[Stored items]
--------------------

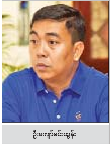
ဦးကျော်မင်းထွန်း

ပထမအဆင့်က ဗိုလ်ချုပ်ရုပ်တုအတွက် ပုံကြမ်းထုတ်ရပါသည်။ ဗိုလ်ချုပ်ပုံ ပုံကြမ်း ထုတ်ပြီးရင် သက်ဆိုင်ရာ နိုင်ငံ့အကြီးအကဲ တွေကိုပြပြီး အတည်ပြုချက် ယူရပါသည်။ ကိုယ်နေဟန်ထား၊ အသွင်အပြင် အတည်ပြု ချက်ရပါပြီ။ အတည်ပြုချက်ရပြီးဆိုရင် ဒုတိယအဆင့်က ရွံ့နဲ့လိုချင်တဲ့ ပုံစံကို အရင် ပုံဖော်ရပါသည်။ ဗိုလ်ချုပ်ရုပ်တုအတွက် ရွံ့ရုပ်လုပ် တာလည်း ပြီးစီးသွားပါပြီ။ တတိယအဆင့် အနေနဲ့ ဒီရွံ့ရုပ်ကို ကြေးသွန်းဖို့အတွက် မိုယူနေပါပြီ။ မိုထွက်ပြီဆိုတာနဲ့ ကြေးသွန်း မှာ ဖြစ်ပါတယ်။ လက်ရှိမှာ ကြေးသွန်းဖို့ အတွက် မိုယူတဲ့အဆင့်ကို ရောက်နေပါပြီ။ ကြေးသွန်းတဲ့အခါမှာတော့ ရုပ်တုကကြီးတဲ့ အတွက် အပိုင်းလိုက် ကြေးသွန်းမှာ ဖြစ်ပါ တယ်။
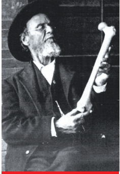
Dr. Andrew Taylor Still (1828 - 1917) Fondatore dell'Osteopatia

La storia dell'osteopata è strettamente collegata, nelle sue fasi iniziali, alla vita del dottore Andrew Taylor Still.
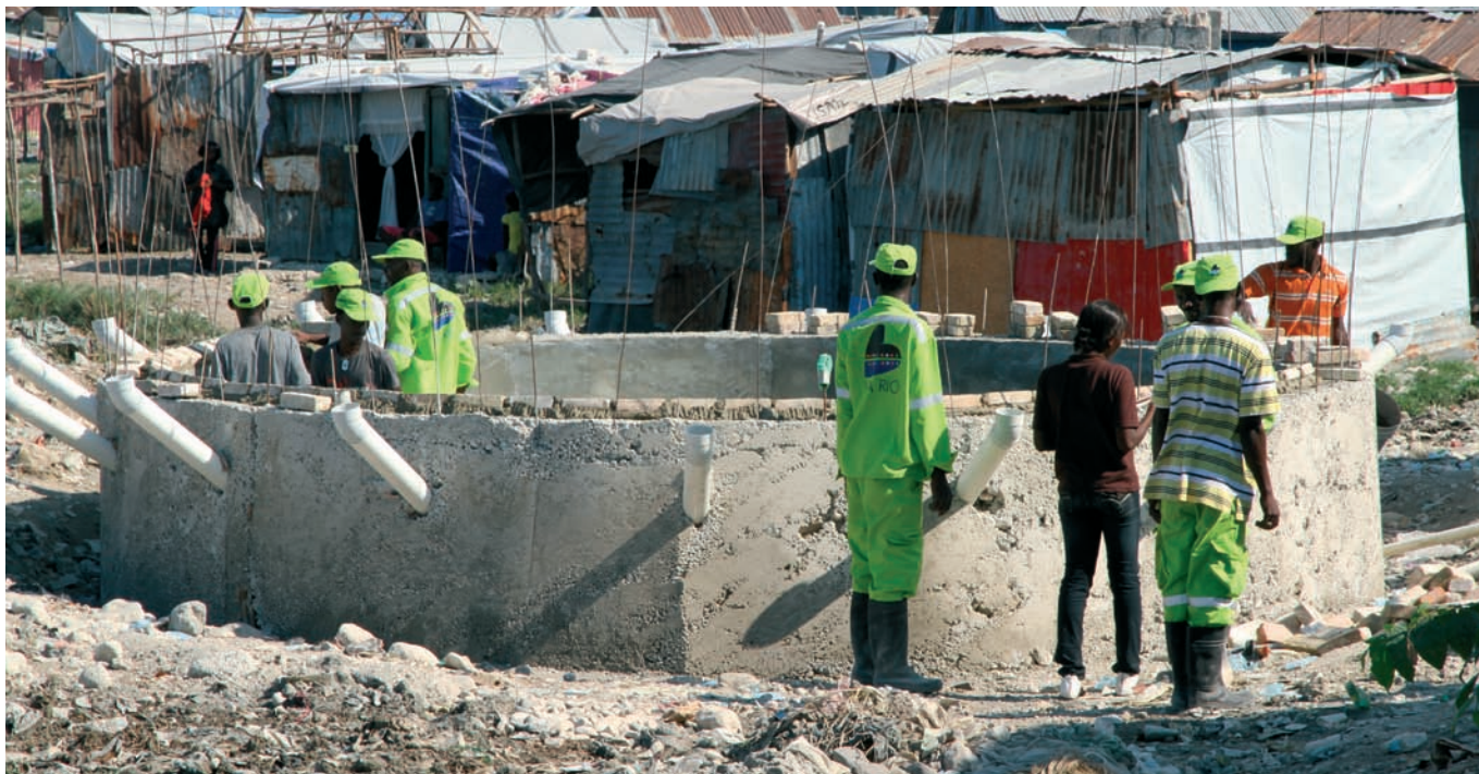
Viva Rios folk i grønne arbeidsklær bygger et nytt sanitæranlegg i området Wharf Jeremy i Cité Soleil i Port-au-Prince.
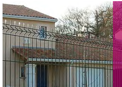
Panneau AQUILON® 45 Medium

Nous déclinons toute responsabilité si des pare-vues sont installés sur nos clôtures.
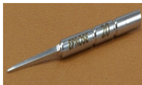
Hierro de lezna trilosangique amovible
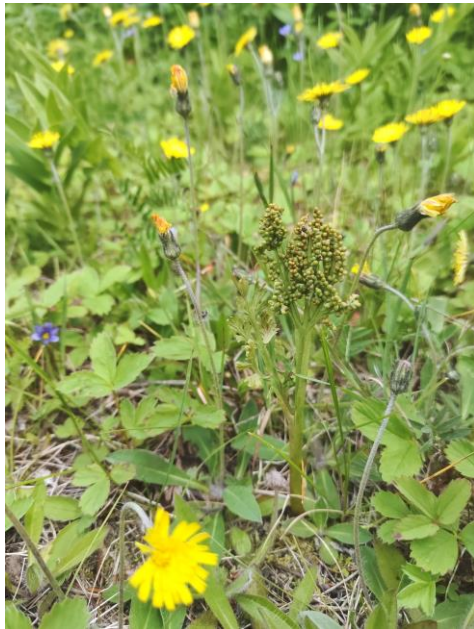
Figure 17. Botrychium matricariifolium .

Hormis les botryches, certains taxons intéressants d'un point de vue biogéographique ou encore peu fréquents ont été observés. Parmi ceux-ci, notons l'osmorhize obtuse ( Osmorhiza depauperata ), le carex atratiforme ( Carex atratiformis ), l'éléocharide naine ( Eleocharis parvula ) ainsi que le pâturin superbe ( Arctopoa eminens ). Dans un milieu humide situé près du rivage se trouvait aussi une belle population de carex vacillant ( Carex vacillans ; Figure 18).
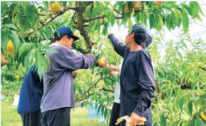
2年生林間学校 農家民泊 果樹園での収穫作業

2年生林間学校、3年生修学旅行等の宿泊を伴う行事を充実させ、仲間と積極的にかかわる力を高めます。少子化の中だからこそ、他者と協力する経験・体験を重ねます。
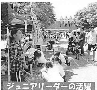
ジュニアリーダーの活躍

北地区は主に綿菓子とかき氷を担当しました。最初、綿菓子が割りばしに絡まず細くなってしまうこともありましたが、そのうち慣れてふつくとした白とピンクの綿菓子が
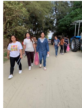
▲淨灘時也要認識海岸植物
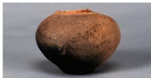
9 第36号住居跡 (第268図75)
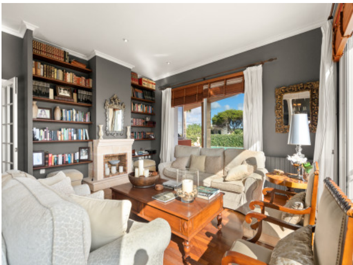
Wunderschönes Wohnzimmer mit Kamin
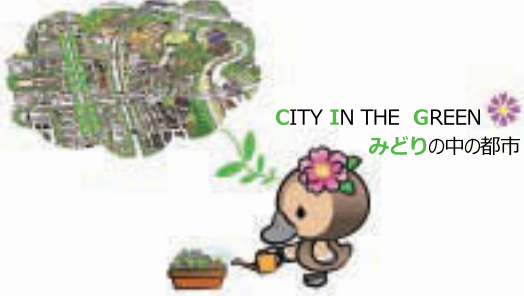
▲江東区観光キャラクター コトミちゃん
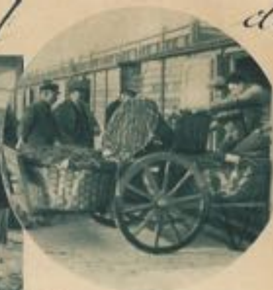
Embarquement de poisson vers l'intérieur du pays.
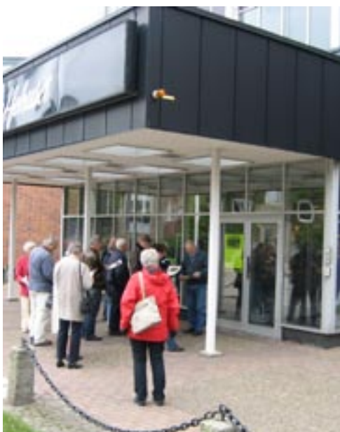
Kulturhusens Dag 2008 kl 10.30.
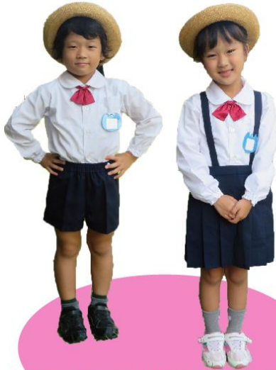
春から夏にかけての中間服
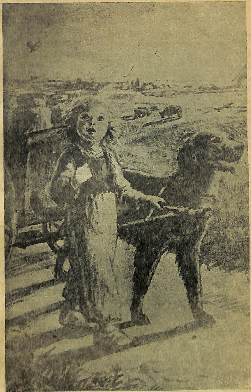
Նելլոն և Պատրաշը լավ ու համերաշխ եյին կատարում աշխատանքը:

Նելլոն և Պատրաշն այնքան լավ և համերաշխ եյին կատարում այդ աշխատանքը, վոր նույնիսկ ամառը, յերբ Դասսն իրեն ավելի լավ եր զգում, կարիք չկար, վոր նա՛ տաներ սայլակը: Նա կարող եր նստել դռների առաջ, ճանապարհ դնել նրանց իր հայացքով, յերբ նրանք դուրս եյին գալիս դարպասի դռնակից, իսկ հետո տաքանալ արևի տակ, մտածել վորևե բանի մա-
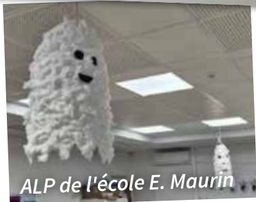
ALP de l'école E. Maurin
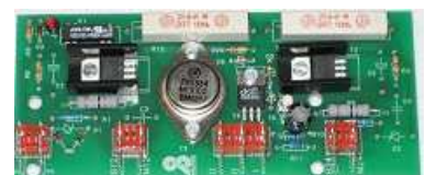
H.4500.22.1 N7 DUO - Thyristor
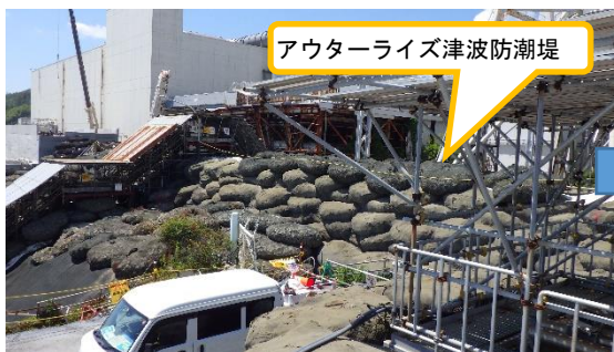
(写真 4 - 1) 防潮堤の状況（令和 5 年 8 月 2 日） （4号機タービン建屋南側） （北側から撮影）
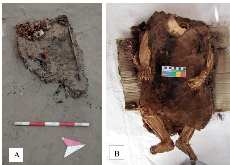
Figura 3. El fardo del Contexto Funerario 26 de la Unidad 10, Subunidad 12 de Cerro Colorado: a) el fardo ubicado in situ en el campo, y b) el cuerpo momificado con la cabeza ausente y la articulación completa de las demás partes.

Nuestro estudio señala también la extracción de cráneos de los fardos. El uso ritual de las cabezas humanas en el Periodo Intermedio Tardío está confirmado por la iconografía de las culturas contemporáneas a Chancay, como Chimú, Lambayeque e Ychma. Una de las cabezas falsas de Macatón analizada por nosotros contenía un fragmento del cráneo de un recién nacido, que en momento de la construcción de la cabeza ya estaba momificado, entonces este fragmento fue extraído de un contexto todavía más antiguo. Sin embargo, tenemos que incluir otras opciones, como la huaquería, pues en muchos casos se puede encontrar un rico ornamento metálico y textil colocado sobre el rostro, o envuelto alrededor,
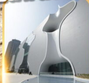
โรงละครไถจง
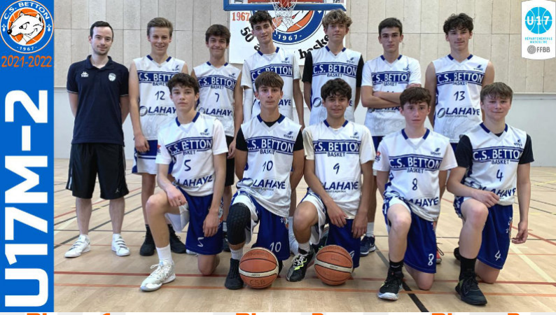
U17M-2 Phase 1 D2 1 er Phase 2 D1 Elite 2 ème Phase 3 D1 Elite
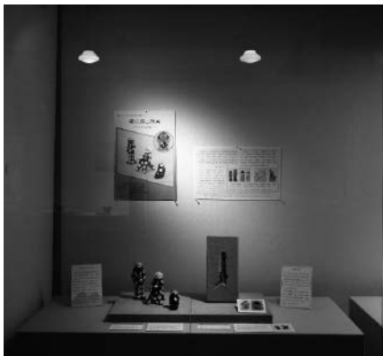
日本の猿の郷土玩具—こめられた願い—

--------------------

■ Your assignment
List, from the entries above, every line in which the word "համերաշխ" shows up.

■ Answer box
Նելլոն և Պատրաշը լավ ու համերաշխ եյին կատարում աշխատանքը:
Նելլոն և Պատրաշն այնքան լավ և համերաշխ եյին կատարում այդ աշխատանքը, վոր նույնիսկ ամառը, յերբ Դասսն իրեն ավելի լավ եր զգում, կարիք չկար, վոր նա՛ տաներ սայլակը: Նա կարող եր նստել դռների առաջ, ճանապարհ դնել նրանց իր հայացքով, յերբ նրանք դուրս եյին գալիս դարպասի դռնակից, իսկ հետո տաքանալ արևի տակ, մտածել վորևե բանի մա-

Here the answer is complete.